Tropical rain forest
Tropical Rain Forest

  • Heavy rain, lots of vegetation.

  • Continuous canopy of trees, with very little light reaching the ground.

  • Soil is very poor: all the nutrients are tied up in living things.

    • On the other hand, many animal species never go down to the ground because there is so much nutrition available up high.

  • Very high species diversity and productivity.


  • Less than 10 inches of rain per year—very dry.

  • Some are hot (such as the Sahara or the Mohave in California) and some are cold (such as the Gobi desert in Mongolia).

  • Sparse vegetation, but it can grow very quickly in response to rain.

  • Adaptations to saving water: thick fleshy plant leaves, animals often live underground, are most active at night, and have urine-concentrating mechanisms.

    • some use for crops: Imperial Valley in California. But irrigation is necessary and the soil tends to get salty.

  • Deserts usually have grasslands next to them, as rainfall levels increase.

Aquatic ecosystems
Aquatic Ecosystems

  • freshwater: lakes, rivers, wetlands

  • estuaries: river meets ocean, giving water that is less salty than sea water.

  • oceans

  • Freshwater ecosystems are often very productive


  • Intertidal and coastal zones. The most productive parts of the ocean are near the shore, due to wave action carrying in fresh nutrients and lots of sunlight

    • also coral reefs (secreted by cnidarian animals) are very rich communities.

  • Ocean surface: lots of sunlight, but little nutrients in many places.
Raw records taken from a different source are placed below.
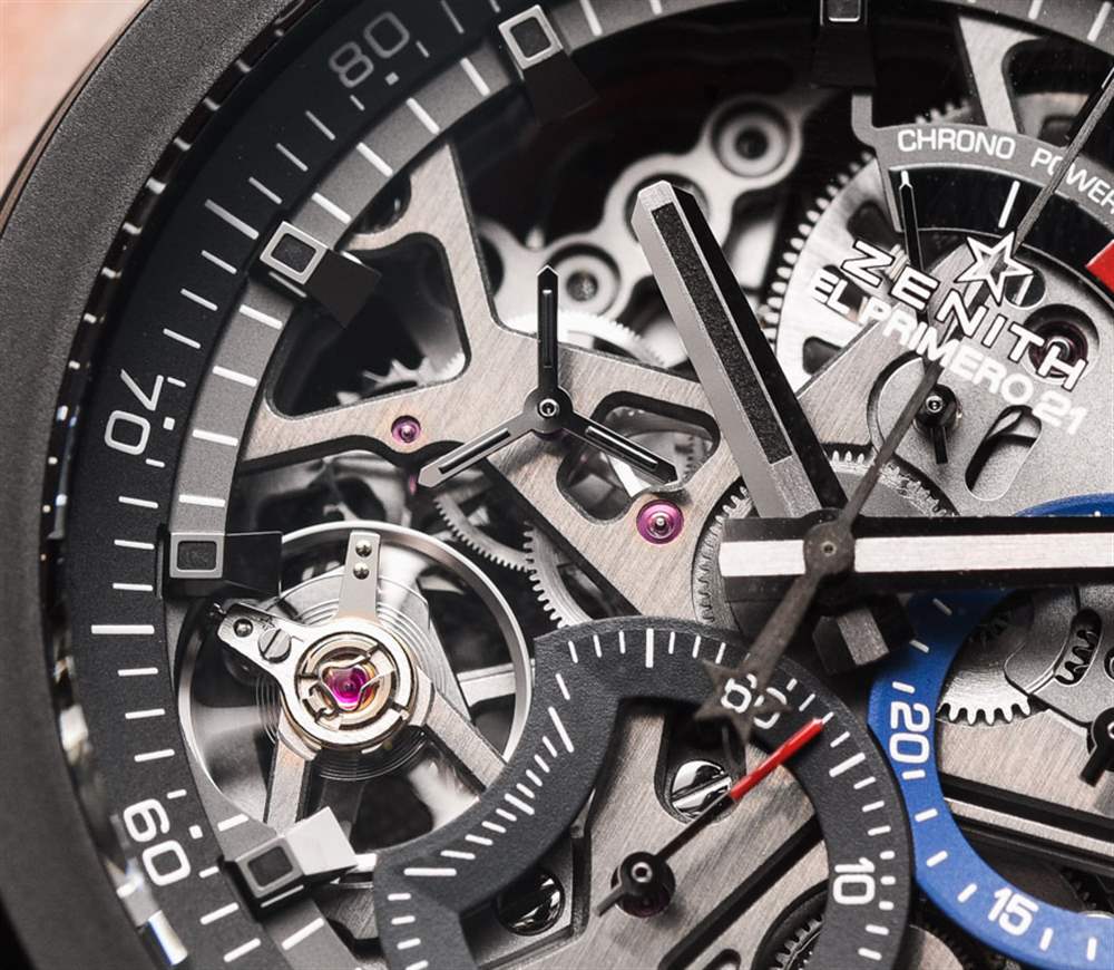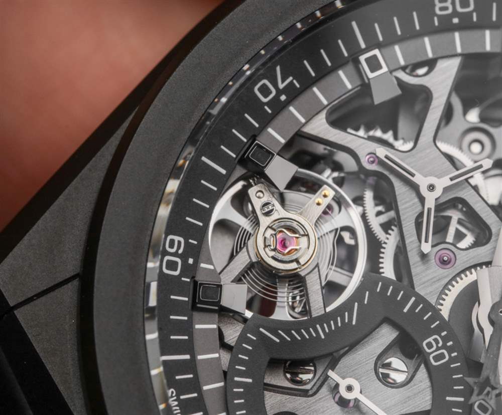 當然,除了 El Primero 21 中的機芯結構之外,還有一件事是新的,那就是在專用于計時復雜功能的獨特調節(jié)機構中用于平衡輪的特殊碳材料(咳咳,碳基碳納米管材料)運動。
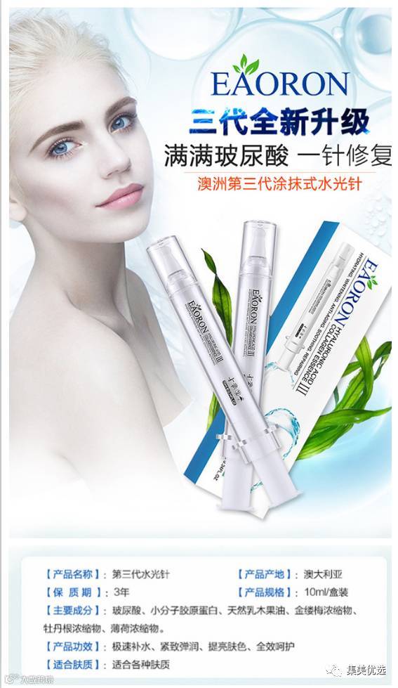 eaorom澳洲涂抹式水光针第3代补水玻尿酸收缩白皙提亮微精华液10ml
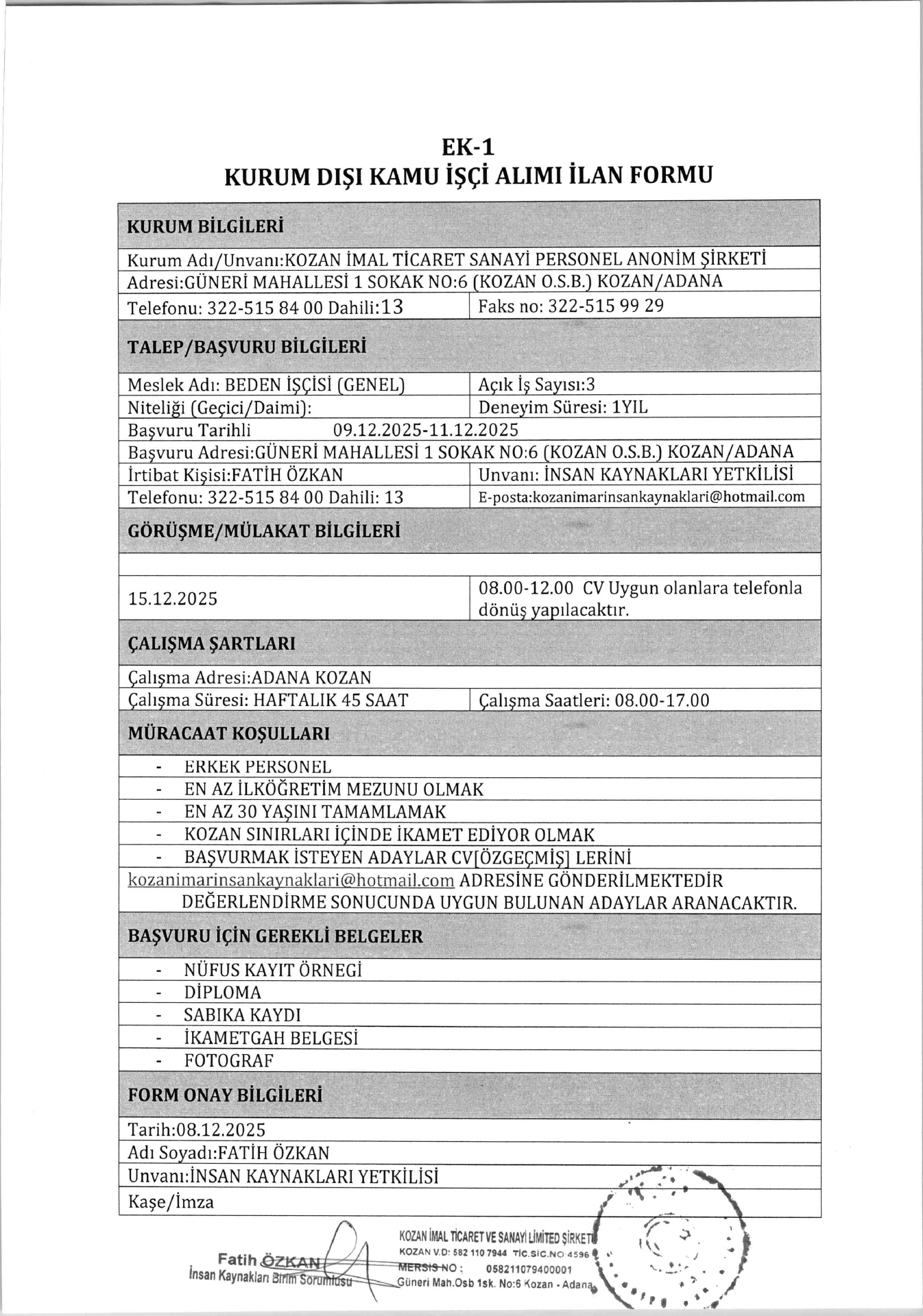 Adana Kozan İmal 3 İşçi Alacak

Most productive in polar regions.

    • Photosynthesis by “phytoplankton” = algae, seaweed.

    • Fed upon by “zooplankton”, mostly crustaceans and the larval stages of ocean invertebrates.

    • Fish and sea mammals and birds prey on zooplankton.

  • Deep ocean: unlighted below 100 meters, so all nutrients fall from above.

    • Very low productivity. Almost all organisms are decomposers or predators.

    • But, there are thermal vents that release high energy inorganic compounds that Archaea and other chemotrophs can use. These form the basis of communities in the ocean deeps.